看著嶽銘瑄,千珍不知哪來的一股衝動,脫口喊道:“你可還記得紀秋思!”
嶽銘瑄一怔,卻仍冷漠地道:“死人有什麼好記!”
千珍不依不饒:“那便是記得了!”
嶽銘瑄不說話。
“她死了,她想見你,她想救你。”
嶽銘瑄的眼神沉靜下來,冷漠地道:“你們來這裡,就是為了說這些無聊之極的笑話!”
“無聊的……笑話?!”千珍吃驚地看著嶽銘瑄。
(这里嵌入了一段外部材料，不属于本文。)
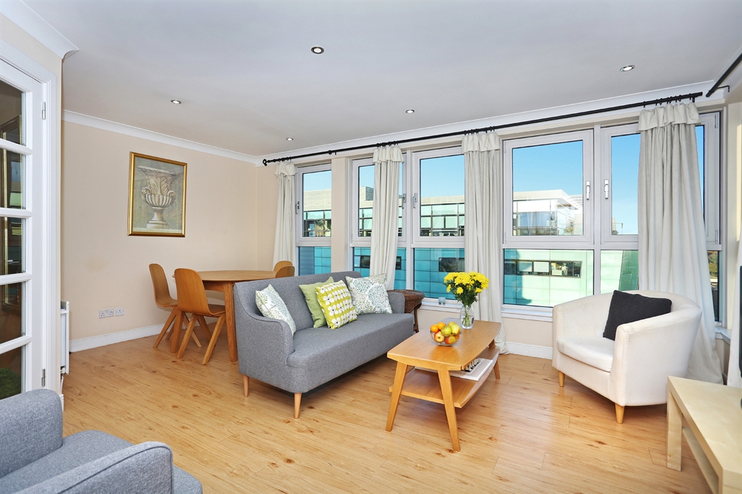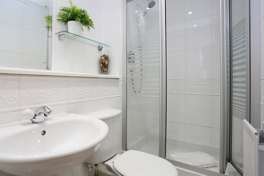 The apartment has two cosy bedrooms, both with large windows which let in lots of natural light. The master double bedroom of the apartment includes an en-suite bathroom with a shower cubicle.
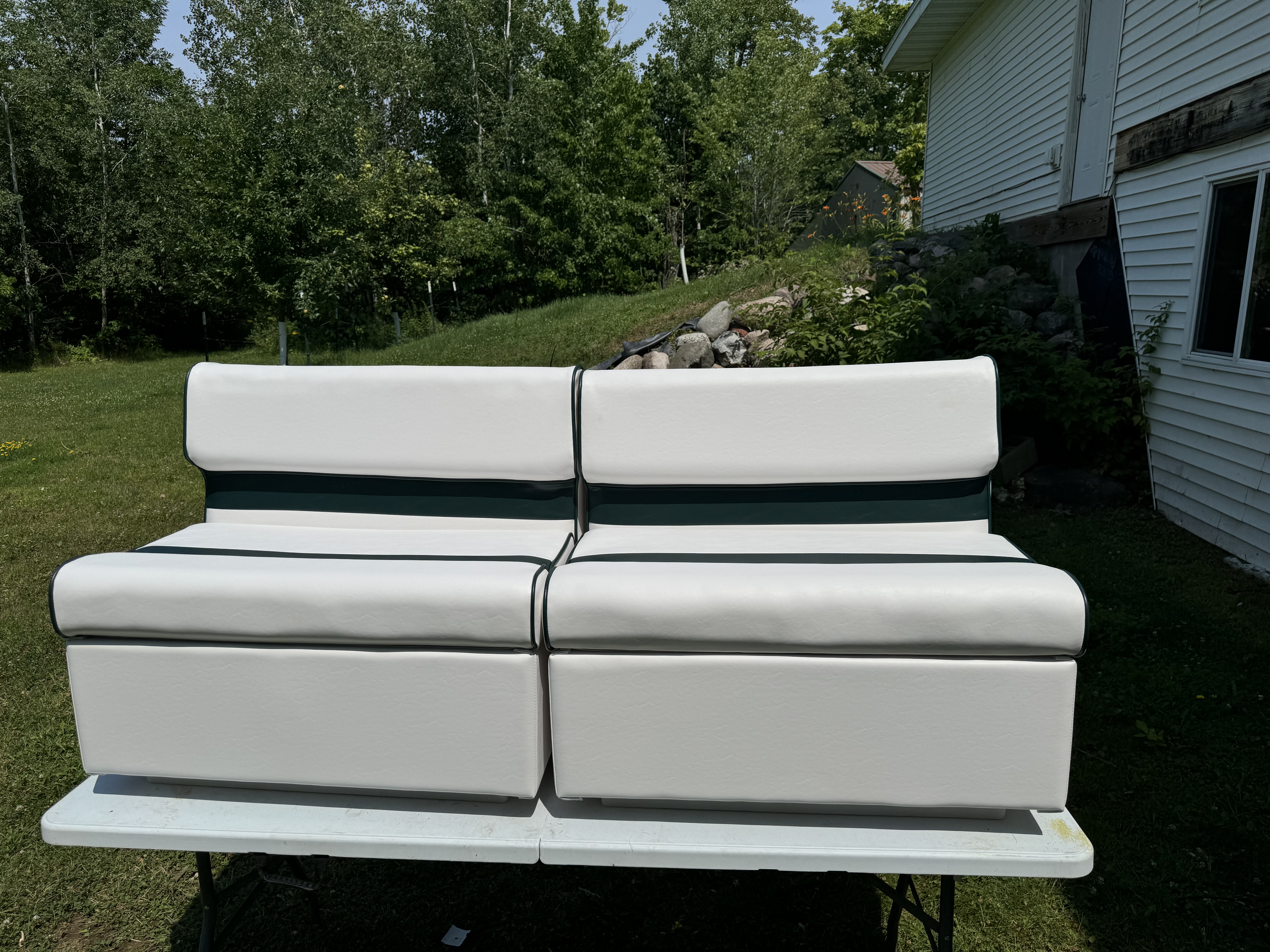 Getting any type of upholstery work can be extremely expensive and it’s hard to be told that the shop is booked out at least six months and we wouldn’t have our boat for the prime summer season. So we got the bright idea to go purchase our own industrial sewing machine and do the jobs ourselves, we were able to find some great suppliers, even a couple located here in Minnesota who helped us pick out affordable and high quality materials. After our projects went well we noticed it’s hard to find someone local who can do this sort of work, we were happy to jump in and serve our community.

這個人,怎麼能說出這種話,這麼冷血無情,她咬咬牙,道:“你可知紀秋思為何而死,你可知她死去之後,變成了什麼樣子!她為了你,化身鬼影,日日夜夜守在被你破壞的這篇土地上,只因為她放不下你!你怎麼這麼混蛋!”
嶽銘瑄的身體僵了一下,因為太過輕微沒有讓任何人注意到。
“你既然已經成魔就應該知道,鬼影到底是個什麼概念!”千珍的眼睛裡已經帶上悲憫,“鬼魂一類,在這世上的存在就已經微乎其微,更何況鬼的影子!她已經失去了生存的權利,全都是你的錯!”
嶽銘瑄冷笑:“自我成魔以來,已經殺了不計其數的人,難道讓我每一個都記住嗎!哼,我才那種閒工夫!你們廢話也說完了,可以滾了!好在我今天心情不錯,饒你們一命!”
銀晢撇嘴。你誰啊,還要你饒我們一命!
嶽銘瑄轉身就要返回山洞,千珍立刻追上去攔住他:“你不能走!”
嶽銘瑄眼神一寒,冷冷道:“你還想怎麼樣!”
“雖然,雖然紀秋思讓我們除掉你,但我看得出來她深愛著你,她更想讓你好好活下去,所以……”千珍咬著脣,下定決心道,“你放棄成魔之路,我可以幫你淨化你體內的魔氣,重新變回人類,也讓紀秋思不再難過。”
銀晢喊道:“你又犯傻,淨化他的魔氣要耗掉你多少法力!”
千珍瞪他一眼,多什麼嘴!
銀晢被噎住,這臭丫頭!
嶽銘瑄冷冷道:“我說最後一遍,讓開!”
千珍的牛脾氣還上來了:“不讓,除非你答應我!”
“你找死!”嶽銘瑄說著已經抬手,瞬間拔出腰間的長劍,重重揮向千珍!
銀晢救下千珍,與嶽銘瑄纏鬥起來。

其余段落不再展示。